He smiled, a very grim smile pregnant with hidden meaning.
"It will not be for long, John Carter," he replied. "We have been expecting you and we are prepared."
"So it would appear," I answered, "for you were all ready to become my prisoners with scarce a blow struck on either side."
"The fleet must have missed you," he said, "but it will return to Omean, and then that will be a very different matter—for John Carter."
"I do not know that the fleet has missed me as yet," I said, but of course he did not grasp my meaning, and only looked puzzled.
"Many prisoners travel to Issus in your grim craft, Yersted?" I asked.
"Very many," he assented.
"Might you remember one whom men called Dejah Thoris?"
"Well, indeed, for her great beauty, and then, too, for the fact that she was wife to the first mortal that ever escaped from Issus through all the countless ages of her godhood. And the way that Issus remembers her best as the wife of one and the mother of another who raised their hands against the Goddess of Life Eternal."
I shuddered for fear of the cowardly revenge that I knew Issus might have taken upon the innocent Dejah Thoris for the sacrilege of her son and her husband.

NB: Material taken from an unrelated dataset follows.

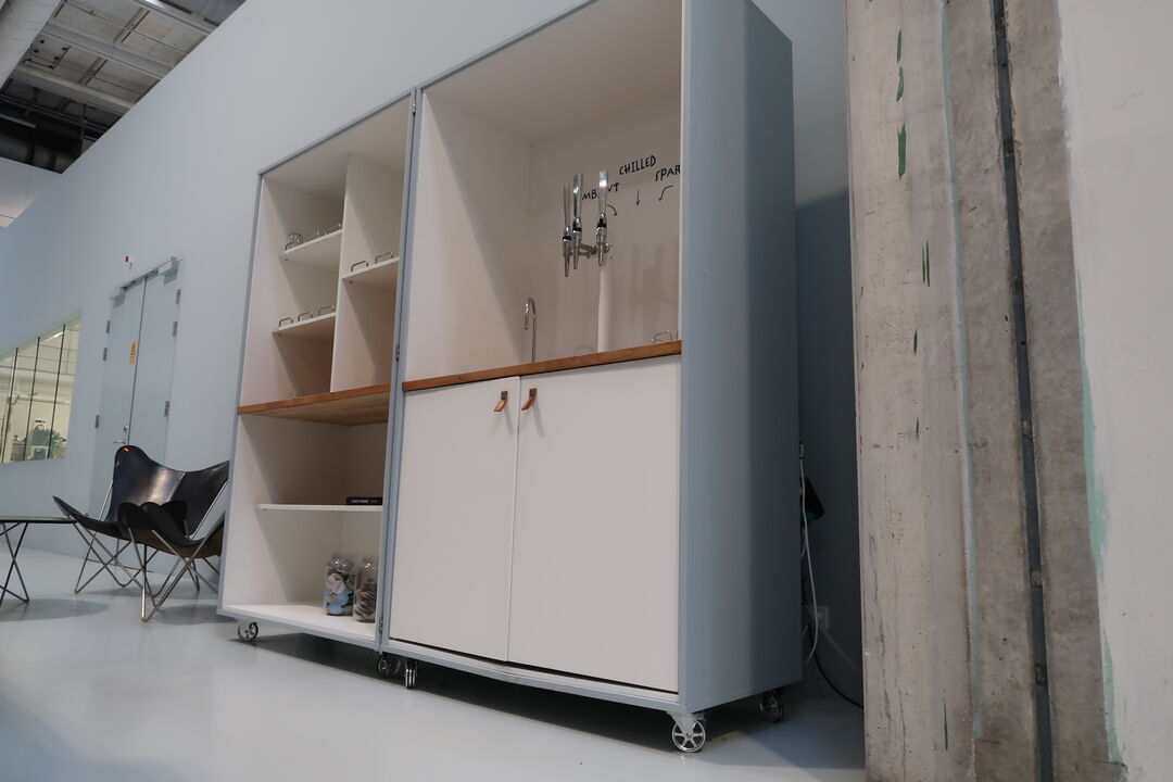 A8552 L1219 - 2 stk. sammenfoldelige køkkenmoduler på hjul, med vanddispenser, tappehaner m.m.

"And where is Dejah Thoris now?" I asked, knowing that he would say the words I most dreaded, but yet I loved her so that I could not refrain from hearing even the worst about her fate so that it fell from the lips of one who had seen her but recently. It was to me as though it brought her closer to me.
"Yesterday the monthly rites of Issus were held," replied Yersted, "and I saw her then sitting in her accustomed place at the foot of Issus."
"What," I cried, "she is not dead, then?"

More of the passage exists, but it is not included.